Foley took a moment.

He said, “I’ve never torn up money before,” trying to smile, took a chance and held out the check. “You want to destroy ten thousand dollars, here.”

She reached out to take it and he pressed the bank note between her fingers. Her fingers touched the check while she looked in his eyes and she had to smile feeling his grip on the check. To Foley the smile meant she was kidding, she wanted him to keep the check. He thought of saying he’d pay her back, and thought, Why do you want to fuck this up? Tell her thanks. She wanted him to have it because he was…fun. All Foley said was, “You win,” and put the check in his pocket.

She said, “Good, you got me out of that nutty role I was playing. I was afraid to tell Dawn. I kept thinking if I don’t tell the right person, word will get around I’ve lost it. I knew I could tell you and you’d understand. You didn’t seem that interested in what you were doing, though you and I got along fine. But Dawn? I didn’t have a good feeling about her.”

“I told Dawn the ghost was your own idea and she said, ‘Making up a story about a ghost doesn’t mean there isn’t one in the house.’”

“She believes there is?”

“She’d like to.”

“Well, my maids believe it. And you know I believed you were actually a ghost catcher.” Danny leaned on the table, close enough to Foley to look in his eyes. She said, “You know, there might be one after all.”

“The rocking chair?”

“And other things that don’t seem quite normal.”

“More paranormal?”

She said, “Listen to the ghost catcher. Have you ever thought of acting?”

He felt her moving in, coming at him now.

“To tell you the truth,” Foley said, “I have played a part now and then, when I had to.”

She said, “Oh, in prison, yes, of course,” still close to him. “The kind of situation—a smelly, hulking convict, tattoos all over him, wants you to be his sweetheart? What do you do, kick him in the nuts?”

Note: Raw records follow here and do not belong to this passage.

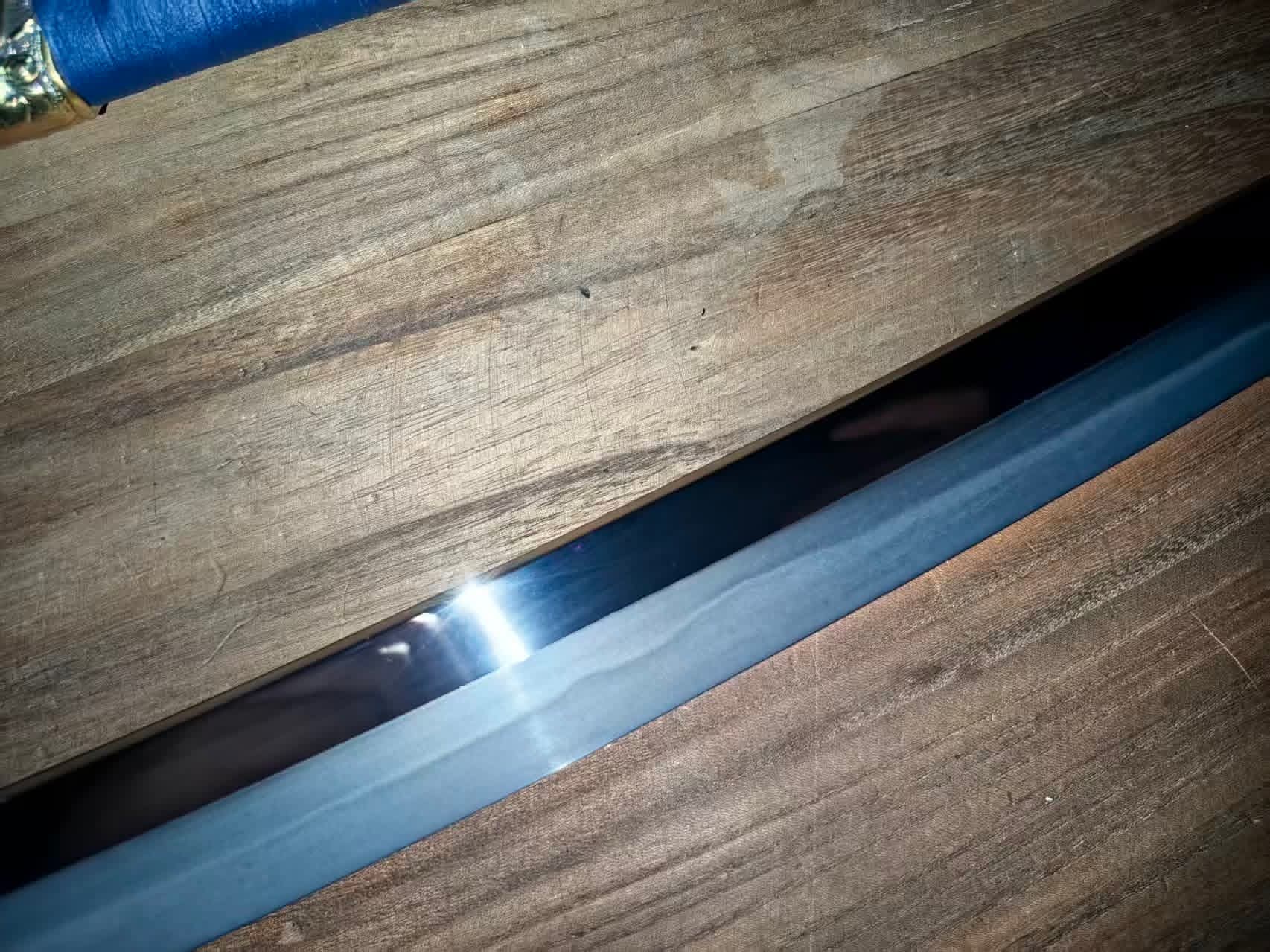 Replicating the length and curve of the Mikazuki Munechika, one of the Five Swords Under Heaven, this Tachi is made from w2 cable steel. It is differentially hardened to create a suguha hamon instead of the unique pattern that gives the Mikazuki it's name.
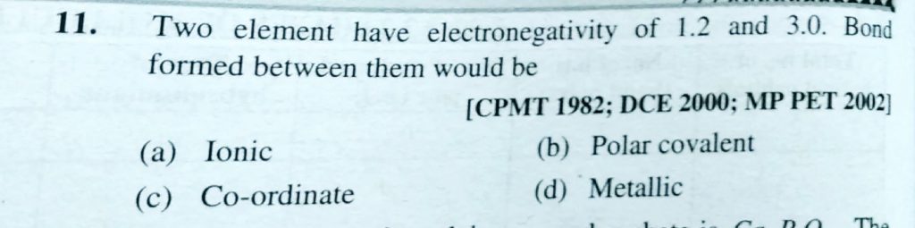 Two element have electronegativity of 1.2 and 3.0. Bond formed between them would be Two element have electronegativity of 1.2 and 3.0. Bond formed between them would be December 1, 2020 Category: Uncategorised (JEE Advanced Physics by BM Sharma + GMP Solutions) , Facebook Messenger WhatsApp Share this:TwitterFacebook Related
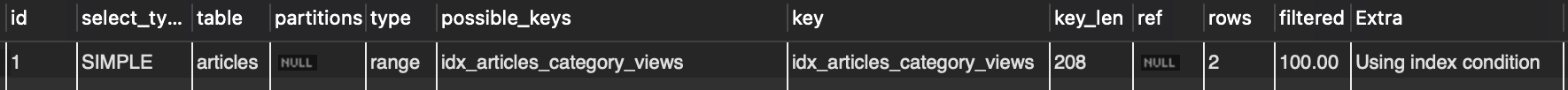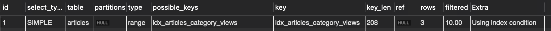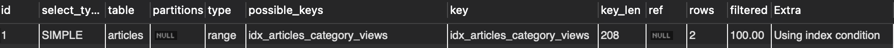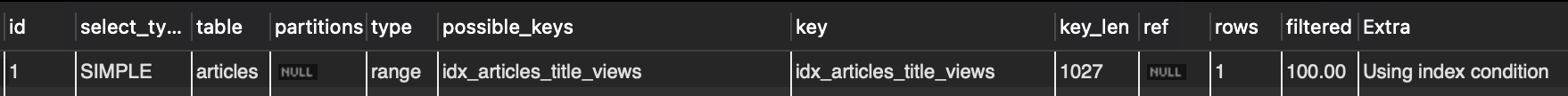 idx_articles_category_views인덱스를 타지 못하고 풀 테이블 스캔이 일어난 것을 확인할 수 있음.- 생성한 인덱스는
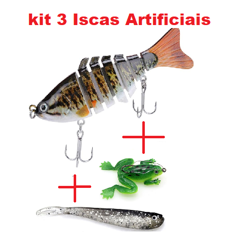 kit 3 iscas artificiais - 1 lambari articulado 7 segmentos +1 frog anzol 4cm + 1 isca soft 7cm prata
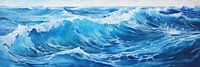 Oceaan - We zien een dynamische weergave van golvend water, rijk in verschillende blauwtinten met accenten van wit schuim. Het schilderij biedt een gevoel van beweging en kracht, en de gedetailleerde kwaststreken creëren een bijna fotorealistische impressie van de oceaan.
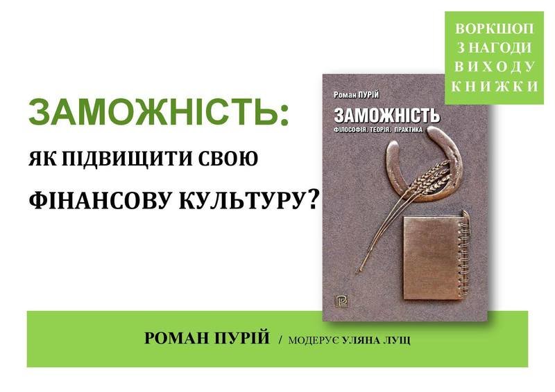 Отримати ці корисні знання і навички Ви можете під час зустрічі з автором книги «Заможність: Філософія. Теорія. Практика» Романом Пурієм.
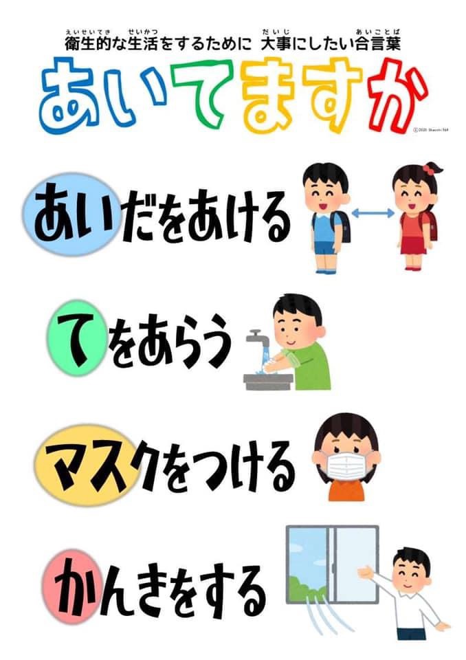 検温の他、間をあける、手洗い、マスク、換気、そして給食…
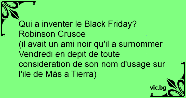 (il avait un ami noir qu'il a surnommer Vendredi en depit de toute consideration de son nom d'usage sur l'ile de Más a Tierra)

“He’d have to be a new arrival. I’d tell him I’m famous, known to the hacks and the population as the most artful bank robber in the known world, and if he tries to bend me to his will he’ll do ninety days in the box.”

“You just gave me the chills. If I told that to Wolfgang,” Danny said, “you could get a table anytime you walked in.”

“I’m known inside prison,” Foley said, “and to some degree with FBI agents, but not the general public.” He almost told her about the book Lou Adams was writing, over five hundred pages into it.

But Danny wanted to know if he’d ever robbed a First Bank, like the one across the street.

“I might’ve,” Foley said, “but I’m not sure. I know I’ve never done that one.” Trying to see the bank through the ornamental plants in front of Piccolo’s.

“Would you sit here and case it?”

“I’d look it over from a car, not sitting here. Norberto tells the cops, ‘Yes, of course I remember him, Mrs. Karmanos says is the most famous bank robber in America.’ I’d pass on that bank anyway, the security guy sitting in front.”

“I saw him as we got out of the car,” Danialle said, “he’s just some old guy they hired.”

“Yeah, but he’s a good kind of old guy. I saw him too,” Foley said. “He’s over seventy, weighs a hundred and forty pounds, wears white socks with his uniform and has a big .38 revolver on his belt he knows how to shoot. He took this job after he retired from the sheriff’s office.”

“You’re guessing,” Danialle said.

“I’ll tell you another reason,” Foley said. “In the past hour a cop car has driven past four times. One drove into the parking lot to turn around, instead of making a Uey, what he’d do if he was after somebody going the other way.”

Danialle said, “There’re cop cars all over Beverly Hills, and policemen on beats, and policewomen.”

“I’ve noticed there’s a lot,” Foley said. “But you’re right, I haven’t been around here long enough to get local police customs straight.”

The check came. Foley picked it up and she let him. He paid with his credit card balance running low. While he was signing Danny said, “If you want we can go over to First Bank, I’ll tell them I have an account, so you won’t have any trouble depositing the check.”

“What I think I’ll do,” Foley said, “is deposit half of it and take the rest in cash. I don’t walk out of a bank with at lease five grand, I feel like a failure.”